Bank Makramah Limited (بینک مکرمہ لمیٹڈ), formerly Summit Bank, is a Pakistani Islamic bank based in Karachi, Pakistan.

==History==
=== 2006–2010: Arif Habib Bank ===
Bank Makramah Limited's origins go back to Rupali Bank Limited, which had a limited presence as a foreign bank. Due to an increase in paid-up capital requirements by the State Bank of Pakistan, it became difficult for the bank to operate as a stand-alone entity. In 2006, Arif Habib Securities Limited acquired the Pakistani operations of Rupali Bank Limited, under the Scheme of Amalgamation by the State Bank of Pakistan. The resulting bank was named Arif Habib Rupali Bank, and it began operations on 5 August 2006.

In 2008, then known as Arif Habib Bank was listed on the Karachi Stock Exchange.

=== 2010–2023: Summit Bank ===
In 2010, Suroor Investments Ltd. acquired a 59.41 percent stake in Arif Habib Bank Ltd. Suroor Investments is an investment firm based in Mauritius. Later in 2010, Arif Habib Bank Ltd. was rebranded under the name of Summit Bank Ltd.
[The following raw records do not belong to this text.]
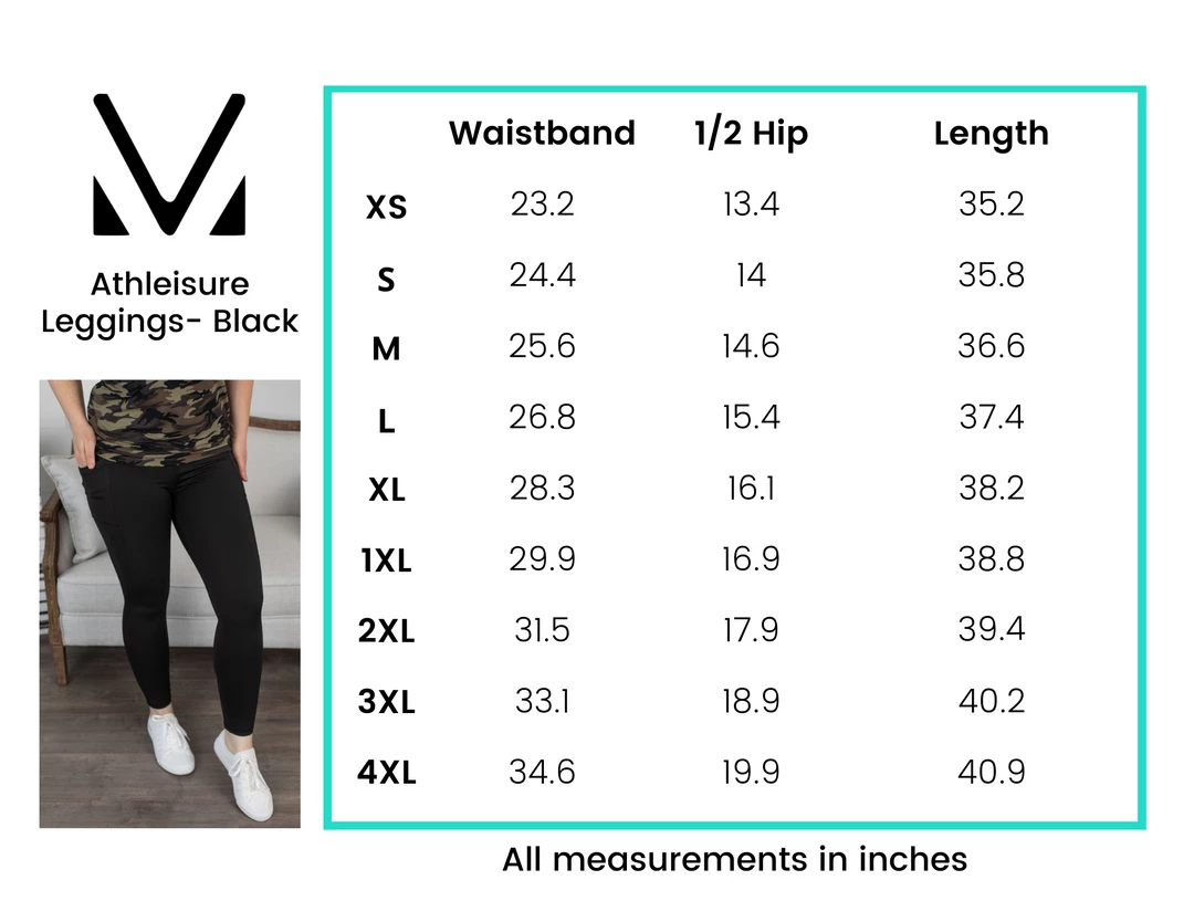Get ready for your new favorite athleisure leggings EVER! We’ve had every size sampled by staff and friends, and the feedback has been “perfection!” These have amazing stretch, aren’t see-through, and have pockets!
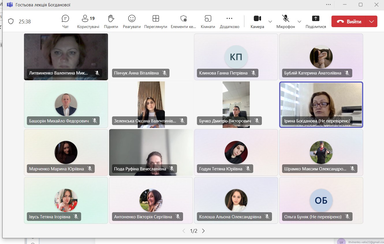 14 жовтня 2025 року для студентів другого (магістерського) рівня вищої освіти спеціальності 081 (D8) «Право» освітніх програм «Адміністративна та цивільна юстиція» та «Кримінальна юстиція (Суд. Прокуратура. Адвокатура)» відбулася гостьова лекція адвокатки – Богданової Ірини Дмитрівни.
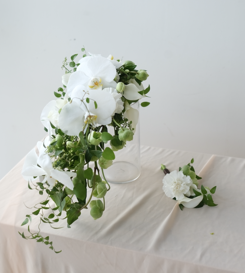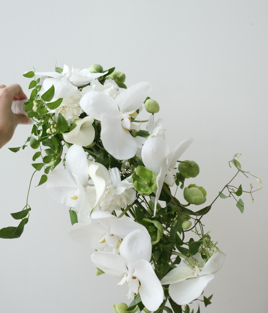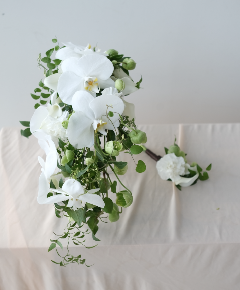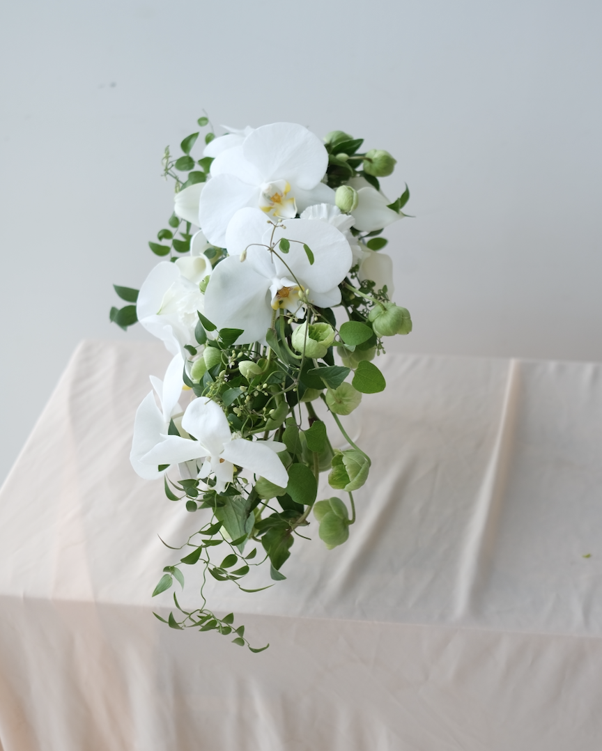 라인감을 한껏 살려준 그린&화이트 드롭 부케입니다.
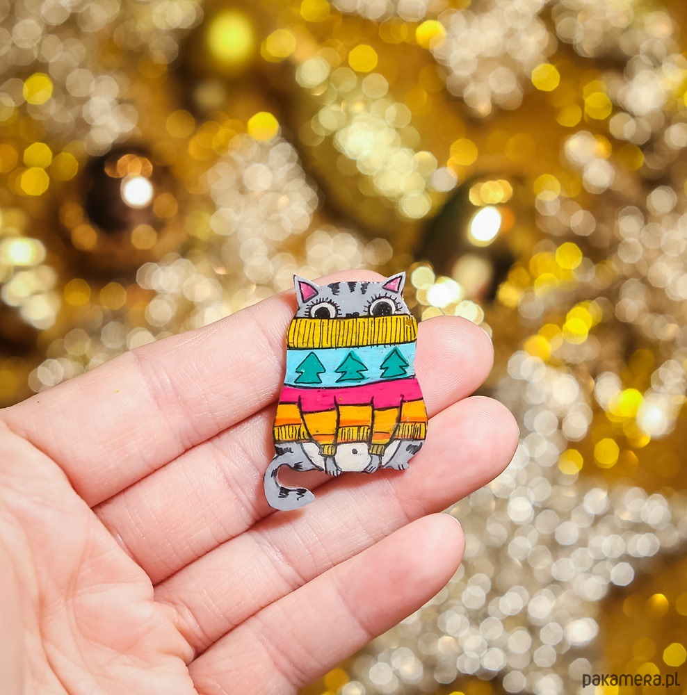 Kot Hirek w swetrze – przypinka z humorem, dla tych, co wiedzą, że styl i sarkazm idą łapka w łapkę.
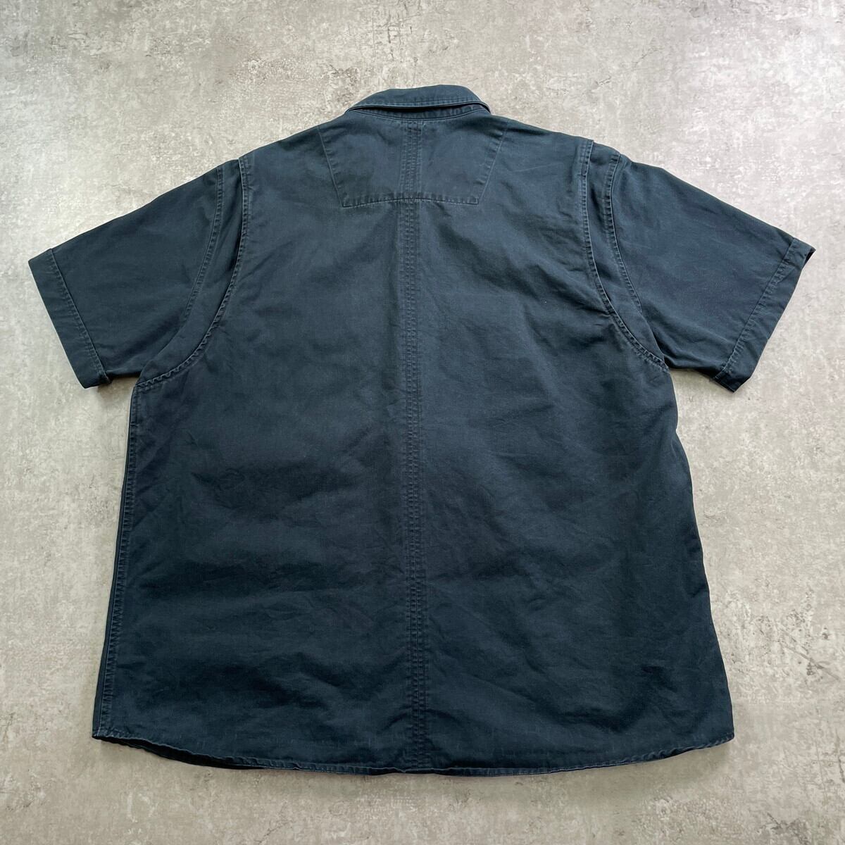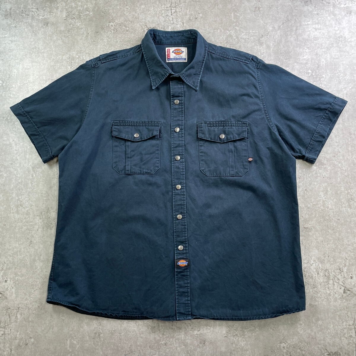■Dickies ディッキーズ 半袖 ワークシャツ メンズXL 古着 スナップボタン 紺色【半袖シャツ】/ネイビー
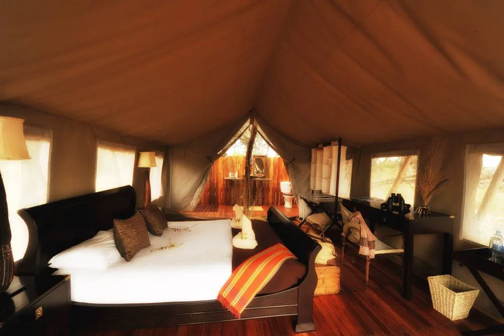 Nur sechs elegant eingerichtete Zelte mit en-suite Badezimmer, Spültoilette und einer romatischen open-air Dusche bilden dieses Camp. Das Dekor erinnert an alte Zeiten, vom Kolonialismus bis hin zu den Stämmen Afrikas, und umspannt Legenden aus allen Ecken dieses eindrucksvollen Kontinents. Das umwerfend gestaltete Hauptgebäude und der Pool blicken auf eine Pfanne, um die sich Wild in rauher Menge versammelt – eine Sternstunde für Tierliebhaber.
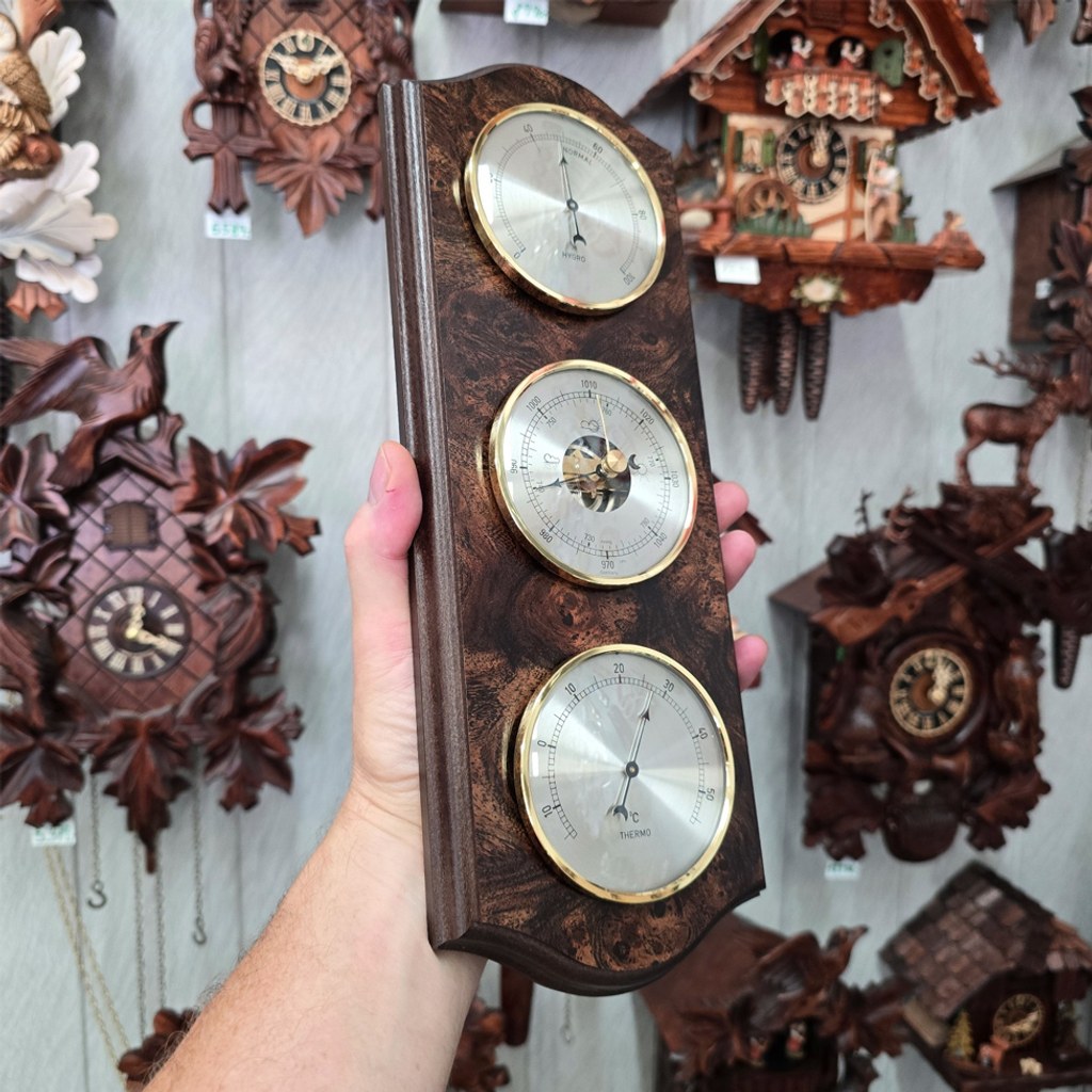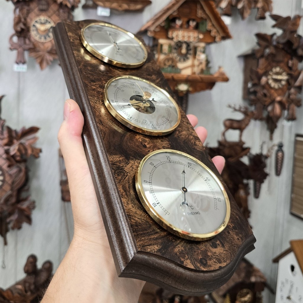 Meteostanice obsahuje barometr, vlhkoměr a teploměr - všechny přístroje jsou o průměru 93 mm. Podložka je buková mořena do speciálního odstínu kořenového ořechu.

Suroor Investments Ltd. acquired the majority shares of Atlas Bank Ltd. and MyBank Ltd. and these banks were later on came under the umbrella of Summit Bank Ltd., increasing the network of the bank to over 193 branches in the country.

=== 2023–present: Bank Makramah ===
In November 2023, Summit Bank Limited was converted into an Islamic bank and accordingly renamed as Bank Makramah Limited.

== Shareholding pattern ==
In April 2023, Dubai-based businessman, Nasser Abdullah Hussain Lootah acquired a majority stake in Bank Makramah.